:: Exercise requirements ::
Please give back only the lines below from the one containing "城裡尋常見碧棱,水邊朝暮送歸僧。數峰雲腳垂平地,一徑松聲徹上層。" to the one containing "In Modified Eliminator", each repeated word for word, both ends included.

:: Records for the task ::
'''
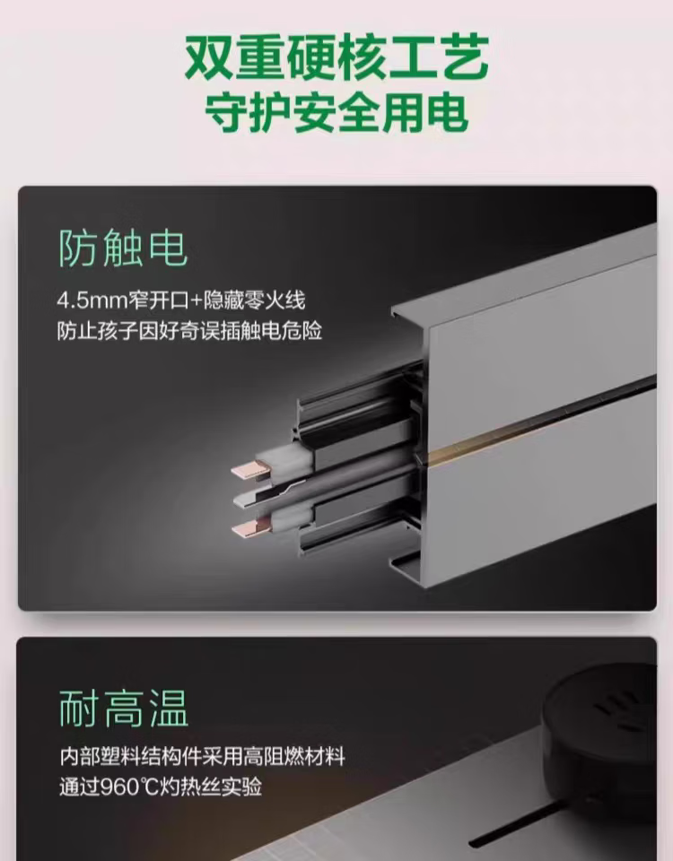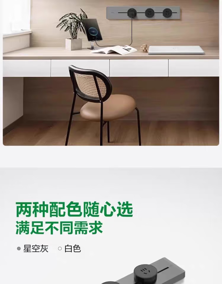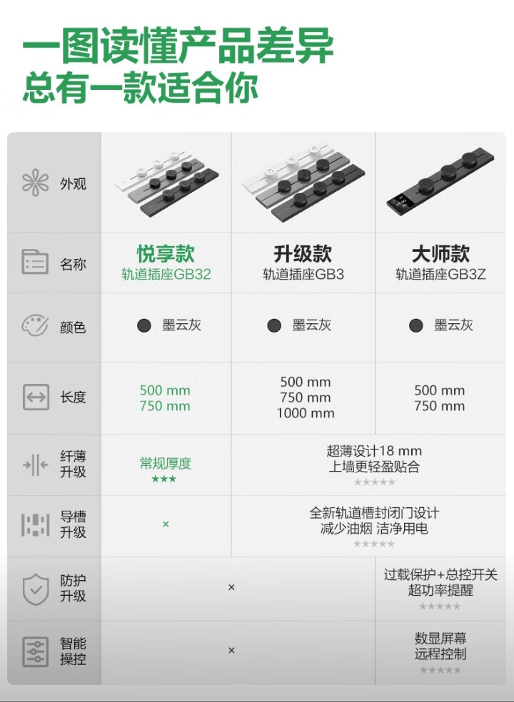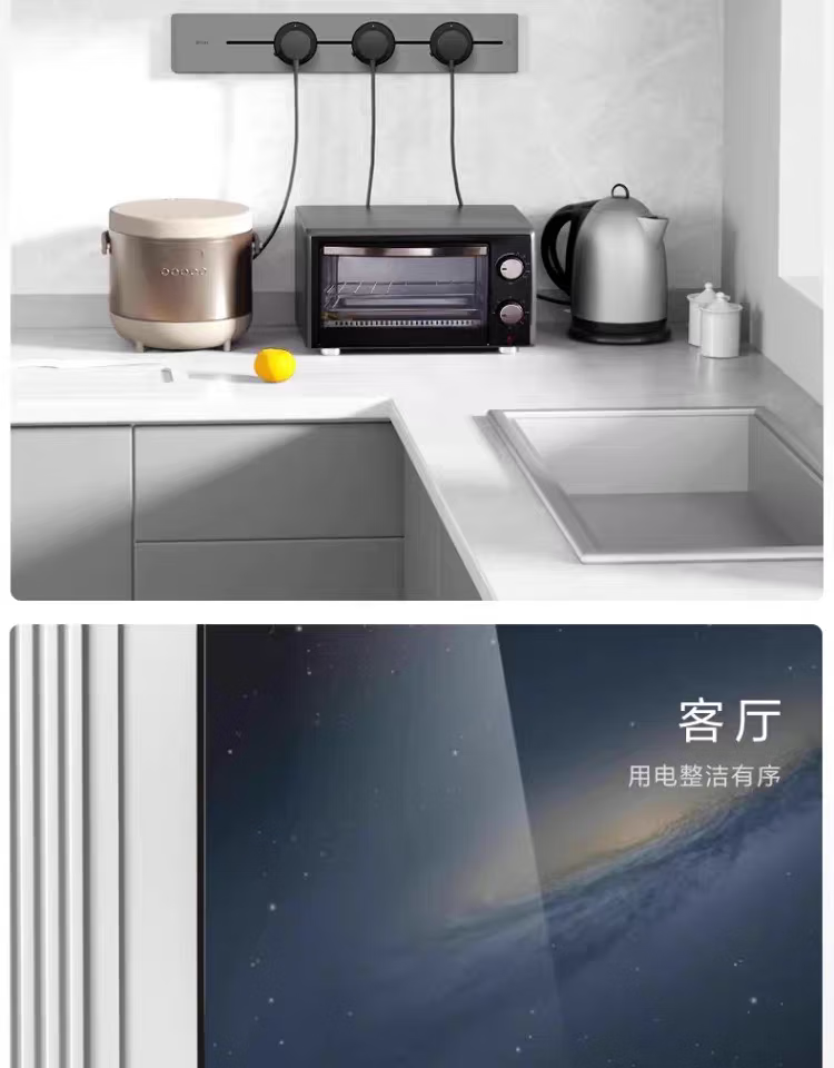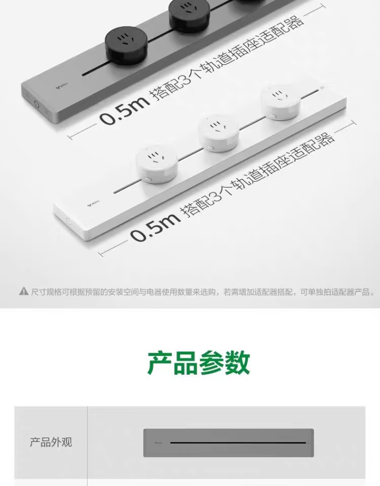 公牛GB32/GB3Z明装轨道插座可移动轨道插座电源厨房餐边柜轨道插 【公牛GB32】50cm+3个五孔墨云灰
'''
'''
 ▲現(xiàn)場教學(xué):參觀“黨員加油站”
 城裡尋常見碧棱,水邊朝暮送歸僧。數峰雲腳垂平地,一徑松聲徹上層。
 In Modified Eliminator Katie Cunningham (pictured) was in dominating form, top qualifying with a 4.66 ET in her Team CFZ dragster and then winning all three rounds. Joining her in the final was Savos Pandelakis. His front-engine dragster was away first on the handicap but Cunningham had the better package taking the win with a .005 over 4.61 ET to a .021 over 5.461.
'''
'''
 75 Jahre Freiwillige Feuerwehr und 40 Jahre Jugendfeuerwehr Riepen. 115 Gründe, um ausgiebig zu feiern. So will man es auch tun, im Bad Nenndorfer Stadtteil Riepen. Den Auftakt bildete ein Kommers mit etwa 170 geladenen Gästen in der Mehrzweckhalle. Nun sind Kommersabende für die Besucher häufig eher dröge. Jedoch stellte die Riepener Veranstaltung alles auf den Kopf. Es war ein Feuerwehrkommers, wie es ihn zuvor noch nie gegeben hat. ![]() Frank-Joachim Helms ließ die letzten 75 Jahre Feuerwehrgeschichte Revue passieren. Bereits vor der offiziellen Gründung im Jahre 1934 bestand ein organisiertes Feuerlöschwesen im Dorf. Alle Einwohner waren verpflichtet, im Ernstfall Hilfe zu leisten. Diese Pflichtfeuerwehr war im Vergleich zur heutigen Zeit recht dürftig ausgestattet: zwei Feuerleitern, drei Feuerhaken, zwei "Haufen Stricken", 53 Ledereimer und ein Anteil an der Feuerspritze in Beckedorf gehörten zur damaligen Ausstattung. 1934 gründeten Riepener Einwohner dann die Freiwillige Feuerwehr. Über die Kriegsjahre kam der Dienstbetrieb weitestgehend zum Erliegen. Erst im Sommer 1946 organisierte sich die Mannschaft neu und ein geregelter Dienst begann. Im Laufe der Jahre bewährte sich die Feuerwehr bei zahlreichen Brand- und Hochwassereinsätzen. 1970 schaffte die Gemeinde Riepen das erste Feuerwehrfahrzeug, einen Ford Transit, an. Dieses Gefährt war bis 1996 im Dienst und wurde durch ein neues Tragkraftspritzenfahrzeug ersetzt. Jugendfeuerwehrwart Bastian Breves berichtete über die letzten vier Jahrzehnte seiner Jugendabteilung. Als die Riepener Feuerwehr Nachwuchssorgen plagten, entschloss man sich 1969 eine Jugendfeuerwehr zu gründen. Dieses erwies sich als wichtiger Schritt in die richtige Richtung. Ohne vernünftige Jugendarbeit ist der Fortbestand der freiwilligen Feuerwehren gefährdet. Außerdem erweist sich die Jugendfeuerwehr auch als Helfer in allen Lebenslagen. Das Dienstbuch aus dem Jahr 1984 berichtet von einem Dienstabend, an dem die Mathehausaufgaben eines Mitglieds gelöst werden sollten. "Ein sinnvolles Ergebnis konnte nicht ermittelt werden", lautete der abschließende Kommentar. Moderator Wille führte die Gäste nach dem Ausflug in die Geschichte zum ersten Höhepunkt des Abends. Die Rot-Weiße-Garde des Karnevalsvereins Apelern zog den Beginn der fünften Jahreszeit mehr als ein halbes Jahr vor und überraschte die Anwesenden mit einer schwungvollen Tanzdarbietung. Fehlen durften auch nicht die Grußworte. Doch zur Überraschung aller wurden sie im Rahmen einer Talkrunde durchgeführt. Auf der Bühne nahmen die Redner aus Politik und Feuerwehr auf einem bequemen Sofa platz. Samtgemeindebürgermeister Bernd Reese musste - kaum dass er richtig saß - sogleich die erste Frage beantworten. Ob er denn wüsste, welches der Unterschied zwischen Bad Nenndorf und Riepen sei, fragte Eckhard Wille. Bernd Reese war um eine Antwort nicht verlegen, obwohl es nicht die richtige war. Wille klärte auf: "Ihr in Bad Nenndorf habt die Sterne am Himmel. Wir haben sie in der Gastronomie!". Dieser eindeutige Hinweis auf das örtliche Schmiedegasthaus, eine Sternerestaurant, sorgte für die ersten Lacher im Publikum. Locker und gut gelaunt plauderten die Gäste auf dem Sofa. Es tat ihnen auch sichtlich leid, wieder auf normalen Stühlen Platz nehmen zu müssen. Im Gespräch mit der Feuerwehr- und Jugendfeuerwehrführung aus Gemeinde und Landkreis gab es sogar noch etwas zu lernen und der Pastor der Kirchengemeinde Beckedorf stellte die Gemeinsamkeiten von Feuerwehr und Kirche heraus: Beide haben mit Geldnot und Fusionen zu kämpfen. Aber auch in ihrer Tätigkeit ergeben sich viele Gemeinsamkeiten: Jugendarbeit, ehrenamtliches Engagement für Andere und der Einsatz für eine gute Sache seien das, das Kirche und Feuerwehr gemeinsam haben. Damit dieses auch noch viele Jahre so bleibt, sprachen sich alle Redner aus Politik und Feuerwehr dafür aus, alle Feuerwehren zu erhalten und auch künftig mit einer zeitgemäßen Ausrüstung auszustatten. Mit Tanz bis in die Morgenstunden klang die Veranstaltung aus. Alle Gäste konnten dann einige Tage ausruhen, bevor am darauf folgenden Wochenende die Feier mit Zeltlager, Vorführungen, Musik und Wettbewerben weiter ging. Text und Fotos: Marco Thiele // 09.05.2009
'''
:: Answer section ::
 城裡尋常見碧棱,水邊朝暮送歸僧。數峰雲腳垂平地,一徑松聲徹上層。
 In Modified Eliminator Katie Cunningham (pictured) was in dominating form, top qualifying with a 4.66 ET in her Team CFZ dragster and then winning all three rounds. Joining her in the final was Savos Pandelakis. His front-engine dragster was away first on the handicap but Cunningham had the better package taking the win with a .005 over 4.61 ET to a .021 over 5.461.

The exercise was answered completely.